Aberrant AA metabolism has been suggested to play an important role in the development of human oral cancer, with the involvement of both cyclooxygenase (Cox) and lipoxygenase (Lox) pathways (5). During carcinogenesis the dynamic equilibrium between the Lox pathways may be disturbed and shift from the anti-carcinogenic (15-Lox) towards the pro-carcinogenic (5-, 8- and 12-Lox) pathways (6). The 5-Lox pathway has been well studied in inflammation and can lead to the formation of several groups of major metabolites: LTA4H dependent biosynthesis of LTB4, leukotriene C4 synthase (LTC4S) dependent biosynthesis of cysteinyl leukotrienes (LTC4, LTD4 and LTE4), 5-hydroxyeicosatetraenoic acid (5-HETE) and 5-oxoETEs (7). These metabolites have been shown to recruit and activate inflammatory cells, increase vascular permeability and induce smooth muscles contraction (8). In addition, 5-Lox knockout mice were found to be more resistant to inflammation or certain inflammation-associated diseases (e.g. atherosclerosis), but more susceptible to infections, than wild-type mice (9).

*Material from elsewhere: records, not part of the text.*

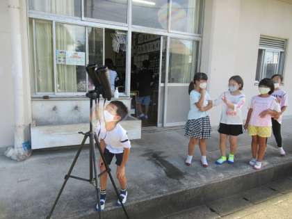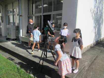 朝の月を双眼鏡で観察しました。(9/11)  4年・理科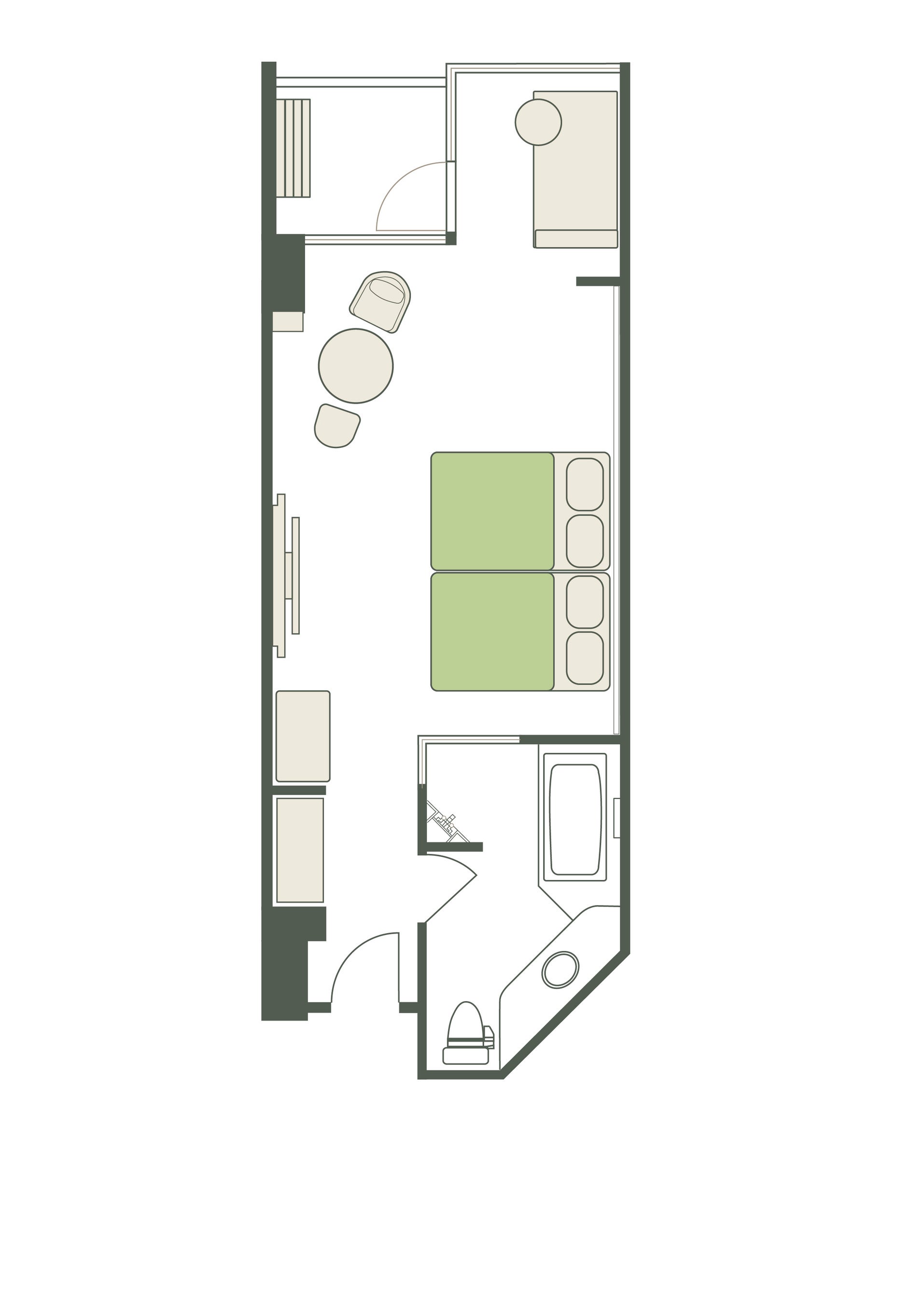 ナチュラルでラグジュアリーなデザインと機能的にレイアウトされた44.6㎡の客室には、オープンクローゼットや、デイベッドを設置したインナーテラスなど開放感が感じられ、滞在性を高める工夫が凝らされており最大5名まで宿泊できカップルやご家族で贅沢な時間を楽しむことができます。また、総大理石のバスルームには、独立したシャワーブースと、ゆったり足を延ばせるバスタブが設置され、リラックスしたバスタイムをお過ごしいただけます。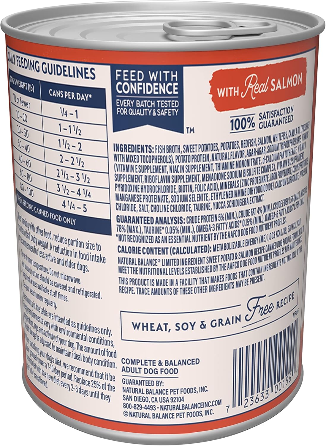 Natural Balance Limited Ingredient Adult Grain-Free Wet Canned Dog Food, Sweet Potato & Salmon Recipe, 13 Ounce (Pack Of 12)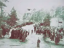 The first prisoners at the Botn camp were 472 Yugoslavs[10]: 87 [13] who arrived by ship on July 25, 1942. They had been brought by ship from Szczecin to Bergen on June 2. Twenty-eight of the prisoners were already shot upon arrival in Bergen. From Bergen, they were sent by ship to Botn, and 400 prisoners were sent further on to Karasjok. The Furumo farm was located about 150 meters (490 ft) from the camp, and those that lived there said that the prisoners were marched from the sea up to the camp in smaller groups, while the guards shouted at and struck them, causing many to fall over.[11]: 39
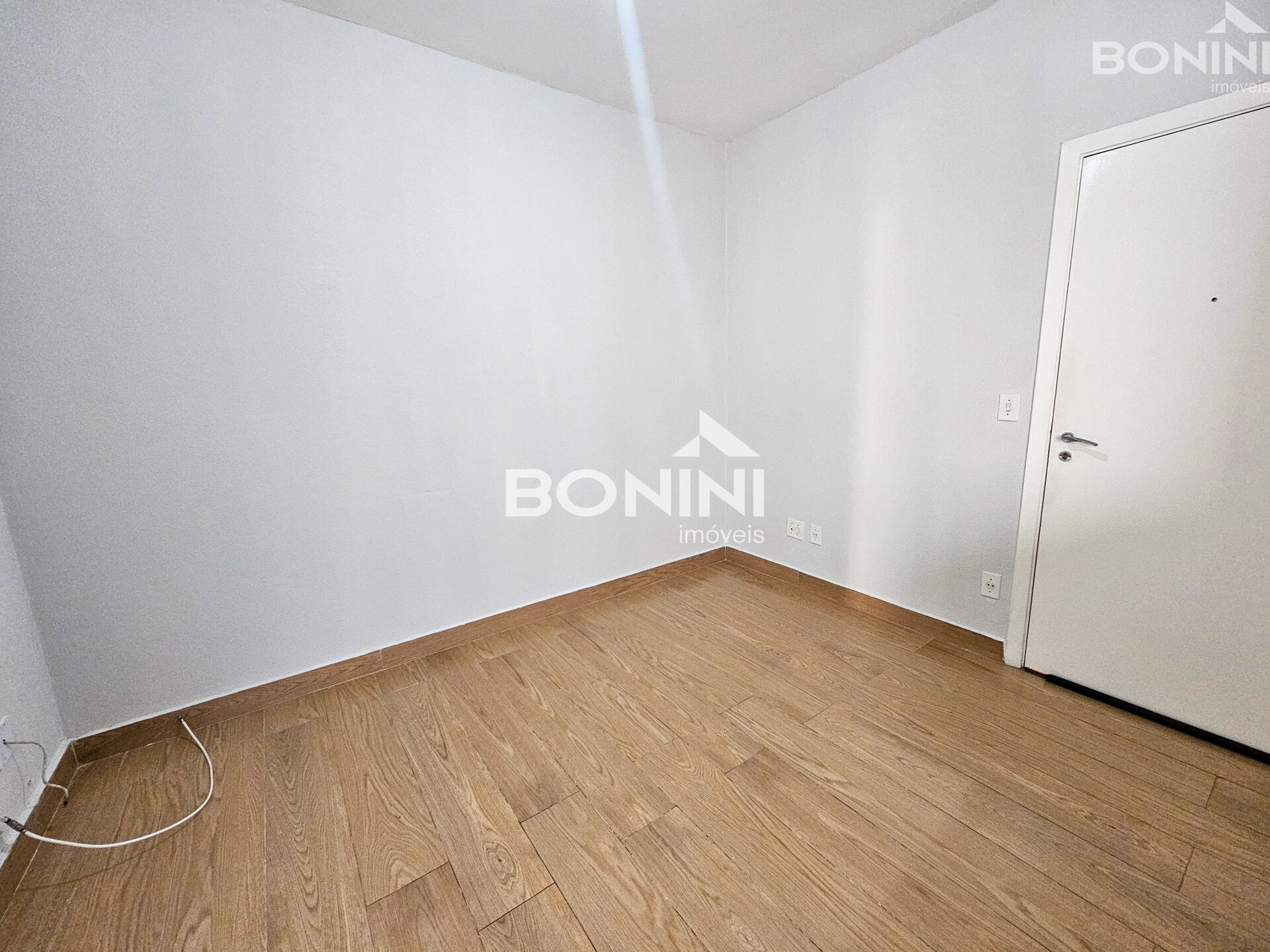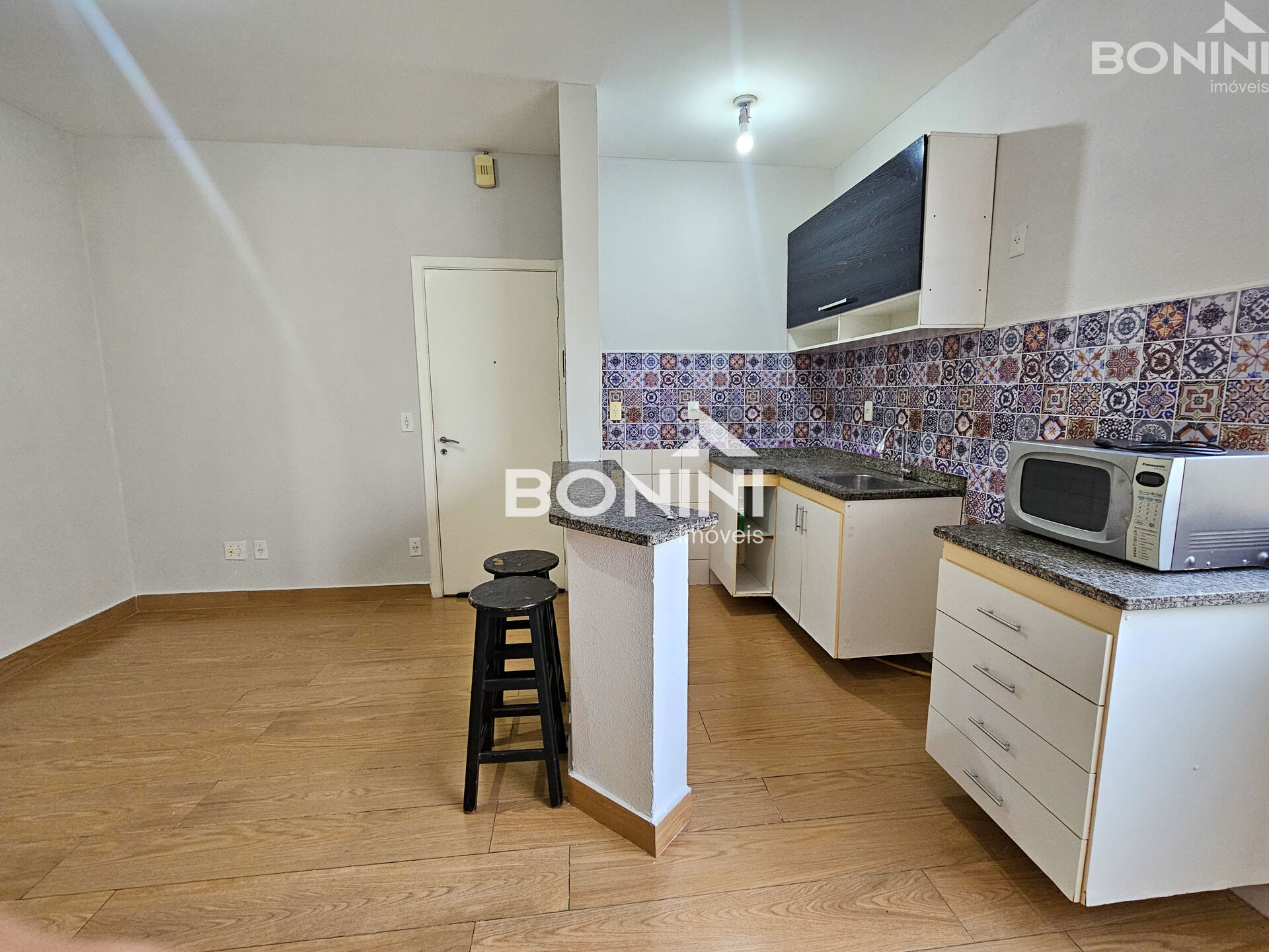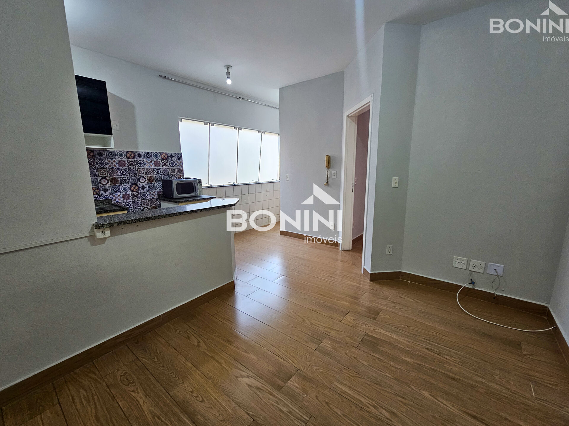 Apartamento com 1 suite, sala 2 ambientes, cozinha e 1 vaga de garagem coberta com portão eletrônico. Armários no dormitório e cozinha, rack na sala, box e gabinete no banheiro

Recently, 5-Lox has been shown to be overexpressed in prostrate (10), pancreatic (11), colon (12), bladder (13), testicular (14), and esophageal cancers (15). In colon cancer, 5-Lox overexpression was also negatively associated with clinical prognosis (12). In pancreatic cancer cells, 5-Lox played an important role in mediating oxidative stress and cell survival induced by extracellular matrix (16). Inhibitors of the 5-Lox pathway were shown to possess anti-proliferative and pro-apoptotic activities in various cancer cells (17–21). In vivo, these inhibitors suppressed carcinogenesis in animal models of lung (22), skin (23), pancreatic (24,25) and esophageal cancers (15). In the oral cavity, LTB4 was found to be 10- to 30-fold higher in hamster and human squamous cell carcinoma (SCC) than in normal tissues (26). We have shown previously that 5-Lox was overexpressed in hamster and human oral cancer, and zileuton, a specific 5-Lox inhibitor, was able to suppress the development of 7,12-dimethylbenz[a]anthracene (DMBA)-induced SCC in hamster cheek pouch (27). The above data suggested an important role of the 5-Lox/LTA4H pathway in the pathogenesis of oral cancer.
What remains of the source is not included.